Taro at the international scale

By Vatapuia Maiava 22 October 2016, 12:00AM

For Ioakimo Suōta’ai, from the village of Mulivai Safata, life can’t get any better.

Aged 54, Ioakimo is a taro farmer who is doing well for himself. Through his earnings from taro export, he has managed to provide his family with a car.

“For a long time now, I haven’t asked my family overseas to assist us with money,” he told the Village Voice.

“That’s because my family and I are doing really well these days through my earnings from my plantation. We are able to afford paying all the bills, taking care of things in the house and taking care of the family’s needs.

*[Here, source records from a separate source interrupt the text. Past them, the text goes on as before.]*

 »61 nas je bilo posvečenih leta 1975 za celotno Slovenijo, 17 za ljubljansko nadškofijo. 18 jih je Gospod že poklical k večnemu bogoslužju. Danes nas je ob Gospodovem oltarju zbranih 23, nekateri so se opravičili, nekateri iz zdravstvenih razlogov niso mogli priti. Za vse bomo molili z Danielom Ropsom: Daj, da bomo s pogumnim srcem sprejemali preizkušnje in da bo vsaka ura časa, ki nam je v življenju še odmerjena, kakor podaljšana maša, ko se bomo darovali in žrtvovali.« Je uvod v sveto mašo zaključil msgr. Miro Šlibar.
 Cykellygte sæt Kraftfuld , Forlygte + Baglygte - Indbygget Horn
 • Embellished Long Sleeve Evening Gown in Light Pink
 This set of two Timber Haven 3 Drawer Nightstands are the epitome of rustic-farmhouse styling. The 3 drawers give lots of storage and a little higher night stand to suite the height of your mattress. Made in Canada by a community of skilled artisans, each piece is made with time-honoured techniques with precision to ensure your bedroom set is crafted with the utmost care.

“Yes we all know that a lot of our families overseas are doing really well overseas but that doesn’t mean we need to always ask them for help. They have their own bills and things to pay.

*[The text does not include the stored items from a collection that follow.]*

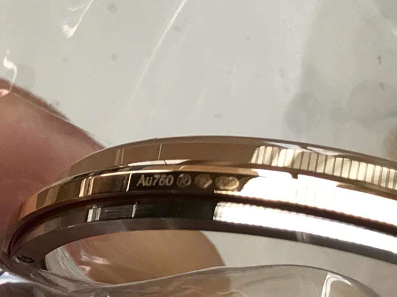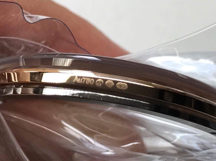 The Hallmark is swiss and means that certain parts are gold, and the purity mark next to it tells you the fineness – in this instance we know that Sebastian’s used 18k gold.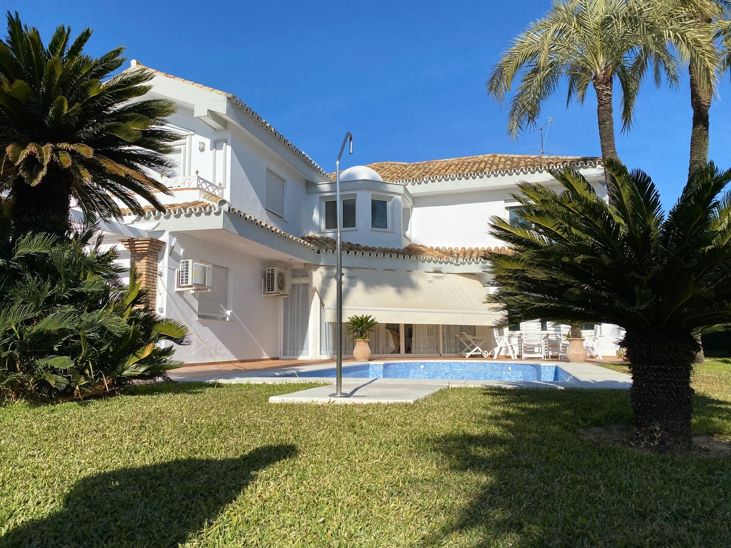 Magnífico chalet en urbanización Colina Blanca. En perfecto estado y recientemente reformado. Consta de dos plantas en una estupenda parcela de más de 1000m2. En la planta baja se encuentran hall señorial de entrada, salón con chimenea, amplia cocina, sala de plancha, porche acristalado al jardín, 3 dormitorios y dos baños; magnifica piscina privada en la parcela y preciosos y cuidados jardines. En planta superior 4 magníficos dormitorios es suite con 4 baños. Semisótano bodega/trastero de unos 50 m2, e independientemente garaje con puerta automática con cabida para dos o tres vehículos. Buenas calidades de construcción, y reforma integral en 2021. Ver sin compromiso, precio negociable.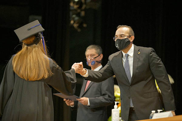 Al encabezar las ceremonias de terminación de estudios de Primavera y Otoño 2020, el Rector manifestó su deseo de que las circunstancias hubieran permitido que las familias, amigos, profesores y profesoras estuvieran acompañándoles, pero que el cuidado de los demás es un compromiso que se asume con gusto e instó a seguir las medidas de prevención recomendadas como un ejercicio de libertad en el que se elige ser solidarios.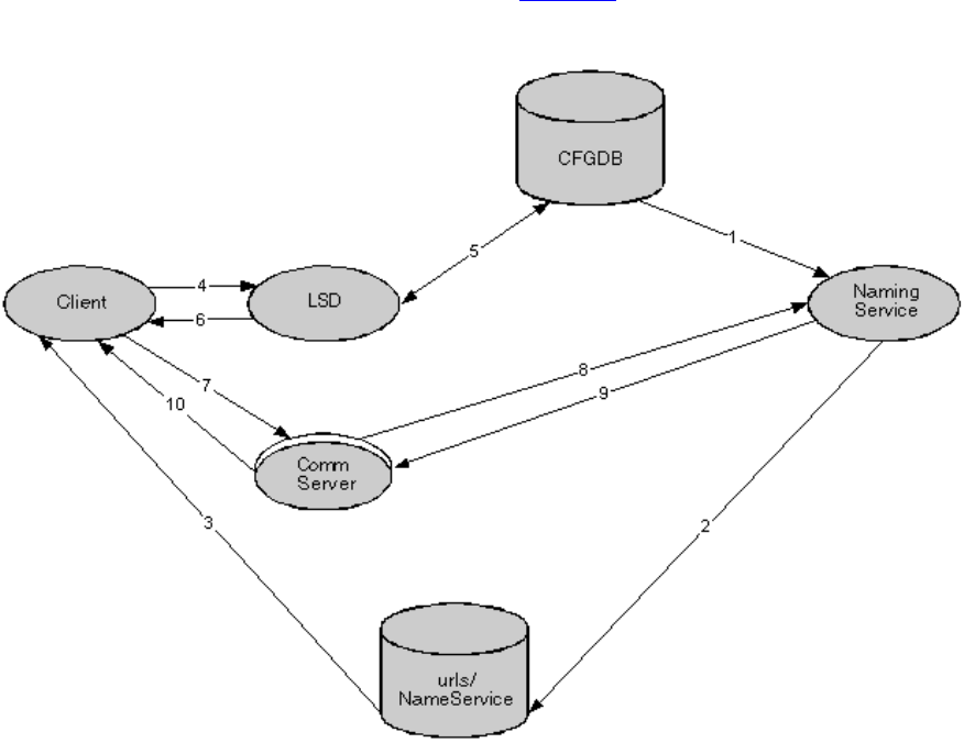 This section describes the flow of messages from a client to and from a single service, the Naming Service, as an example of how the flow might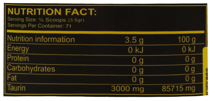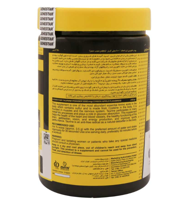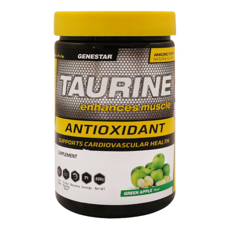 پودر تائورین ژن استار حاوی یکی از فراوانترین اسید آمینههای ضروری بدن است که دربردارنده گوگرد بوده و از سیستئین در بدن ساخته میشود و در ماهیچهها و سیستم عصبی یافت میشود. تائورین در بسیاری از فرآیندهای متابولیک شرکت میکند و در جذب گلوکز نقش دارد. این مکمل به سلامت قلب و عروق، عملکرد سالم مغز، کیسه صفرا، بینایی و تولید انرژی و بهبود عملکرد ورزشی کمک مینماید. همچنین ضد رادیکالهای آزاد بوده و یک سم زدای طبیعی در بدن است. تائورین پودری ژن استار ساخت ایران و به صورت پودر طعم دار در بسته بندیهای ۲۵۰ گرمی عرضه میشود. این نکته قابل توجه است که پودر تائورین ژن استار بدون کالری، چربی، شکر و گلوتن است.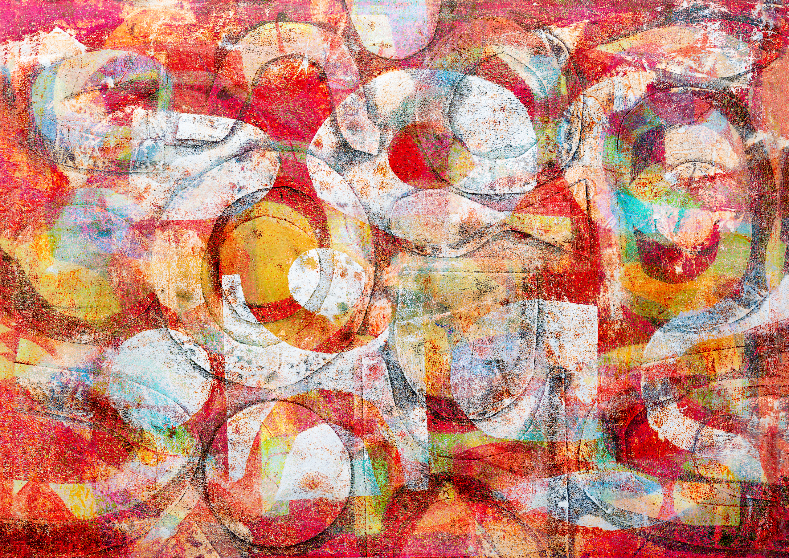 eze monotype of monoprint is gemaakt met een gelliplate en acrylverf. Een uniek handgemaakt en eenmalig werk, er kan maar 1 afdruk worden gemaakt van je ontwerp. Door de grafische druktechniek en het gebruikte papier ontstaan er allerlei structuren en effecten. Dat maakt het interessant om naar te kijken. Hier zijn vele lagen over elkaar geprint, met zelfgemaakte sjablonen ertussen. Dit heeft als gevolg dat er een bepaalde diepte in het werk lijkt te zitten. Elke laag laat een ander deel van het papier onbedrukt en geeft uiteindelijk een onvoorspelbaar resultaat door het ontstaan van restvormen. De warme rode kleur wordt afgewisseld met lichte delen die voor frisheid zorgen, wat koel lichtblauw en warm geel. Het zwart zorgt voor pit en een extra grafisch effect. Het is een warm en vrolijk werk als een brandend haardvuur, waar je ook naar de vlammen kunt blijven kijken om er steeds iets anders in te zien. Of als een zonsondergang spiegelend in het rimpelende water. Dit werk doet het ook goed als een beetje grunge behang. Kies zelf maat en materiaal en bestel het in mijn shop bij WerkaandeMuur https://www.werkaandemuur.nl/nl/shopwerk/Abstract-schilderij-in-rood/1098317/132

“If they can’t afford to send you any money then it’s stupid to get mad at them. We should just try and make ends meet on our own, stand on our own two feet. That’s the mindset that drives me.”

Finding the strength in the Lord every day to go out and work the land, Ioakimo is able to make over $1,000 every time he exports boxes of taro in containers.

“I am thankful every day to the Lord for the strength he gives me to work the plantation every day,” he said.

“Without that strength, I am not able to provide for my children and family. I wouldn’t be able to get anywhere in life.

“I am currently farming three types of taro. I would store the taro in a container and sell them overseas for a hefty profit. I would earn over $1,000 from selling containers of taro.

“I don’t export the taro too often though. I export them maybe twice or three times a year. It’s not an easy process but it’s worth it.”

But as hard working as he may be, Ioakimo runs into a few bumps every now and then.

“There are times I don’t earn as much though,” he said.

“Sometimes the taro isn’t at the quality it’s supposed to be so I don’t fill up a full container. Earnings also depend a lot on the market prices currently available.

“Taro also requires a lot of attention and strength to grow. It also requires a lot of land to turn a real profit and I only have three acres. Those are the sorts of problems I face with this kind of work.”

However, all things considered, Ioakimo and his family are doing really well.

“We are doing really well right now,” he said.

“The family has enough for everything and we were also able to purchase a car with the money we made from taro.

“The market for taro has recently gotten better meaning that I will earn more money from the boxes of taro I export. This is good news for many of us farmers.”